I suppose I owe you post. It’s been a few days; still and yet, I’m struggling for my words. My heart isn’t here.

My heart is there, underneath a blue tent that shelters the freshly dug grave of my friend, Beth.

My heart is in a hospital room, where Beth’s daughter has just, this morning, given birth to a little girl who will only know her grandmother through the memories given to her by others.

My heart is in a home where a husband walks in isolation from his bride of twenty-five years, bumping into remembrances at every turn.

My heart is with two parents who valiantly and gracefully walked hand in hand to bury their daughter; a walk no parent should have to make.

My heart is with extended family, brothers, in-laws, aunt and uncles and cousins enough to fill a sanctuary—all of whom are trying to make sense out of a “life gone too soon.”

My heart is there, everywhere but here. Still and yet, I come and offer it to you for you are my friends, also. I imagine that there are many of you who are walking your own road of grief this day. Life is dishing you out a heavy portion of pain, and you are unsure about what to do with it; how to manage it; where to stuff it, and how to move on from it.

You walk in good company. You are not alone in your weariness of heart of soul. Like you … like so many others … I am walking with my pain. And while it pales in comparison to the grief of a family who knew Beth longer and loved her deeper, it still hurts and leaves me with a few lingering questions.

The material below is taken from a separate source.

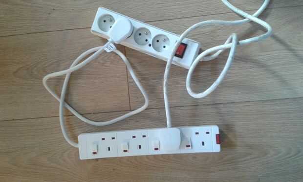 Esto ocurrió como me casé con un europeo. Naturalmente sus equipos eléctricos vinieron equipadas con conectores europeos, para cosas grandes, horno tostador, plancha, secador de pelo (sí que parece sexista mientras ya tengo una plancha y un pelo más seco que no eran para ella) etc. trataba de un montaje de enchufes de UK. Para los gadgets (todos los cargadores diferentes) afortunadamente ella ya los tenia conectado a un cable de extensión. Cambiar el enchufe del y el Reino Unido instantánea múltiples adaptador de enchufe europeo. Como hemos estado casados un tiempo la mayor parte de sus gadgets ha sido reemplazada por lo que vive este cable en la sala de repuesto para cuando la familia viene a visitar. Ahora tenemos el problema contrario como cualquier familias UK salir de vacaciones en Europa. La respuesta Coloque un enchufe europeo a un cable de extensión de Reino Unido y guardarlo en su maleta. Tengo a mi hermano en ley para llevarme a una tienda de hardware, pero sólo he descubierto que la sección camping de ir al aire libre en el Reino Unido vende reemplazo de enchufes europeos.
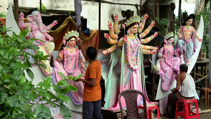 বেশিরভাগ মণ্ডপে প্রতিমা গড়নের কাজ শেষ। এখন চলছে রং-তুলির আঁচড়ে দেবীকে রূপ দেয়ার কাজ। সাধারণ মাটির তাল ভেঙে ধীরে ধীরে এই মহাশক্তিকে আকার দেয়ার কাজ শুরু হয় মাস তিনেক আগেই। এখন শুধু বাকি রং-তুলিতে দেবীকে পূর্ণতা দেয়া। কোনো কোনো মণ্ডপে রঙের কাজ প্রায় শেষ, কোথাও আবার কেবল শুরু হয়েছে দেবীকে রাঙিয়ে তোলা।

I won’t tackle these questions today; at least not publicly. Some conversations are best reserved for the private intimacy between Father and child. My faith isn’t based on my questions. My faith supersedes my questions. The questions are simply the road map God uses to draw my heart closer to his.

Graciously, he allows them. Humbly I ask them. Patiently, I wait for the answers. I believe they will come; if not fully, then with at least enough understanding to carry me through to the other side, when “partial” will give way to “complete.”

I can live with that, friends, because I firmly believe that when it’s time for me to “know,” I’ll know. Until then, God’s peace is my guiding comfort. He’s ready and available to me for the asking.

Thus, I ask for peace to cover my questions, my hurts and the hurts of Beth’s loved ones. I don’t ask for “down the road,” I ask for now … for this moment. God is faithful to supply his touch one moment at a time until they collect and gather and become an hour lived in peace. An entire day walked in peace. A week, a month, a year, a lifetime that punctuates with the truth that God’s peace is possible, is real and is active in the hearts of those who bow low enough and long enough to drink from its well.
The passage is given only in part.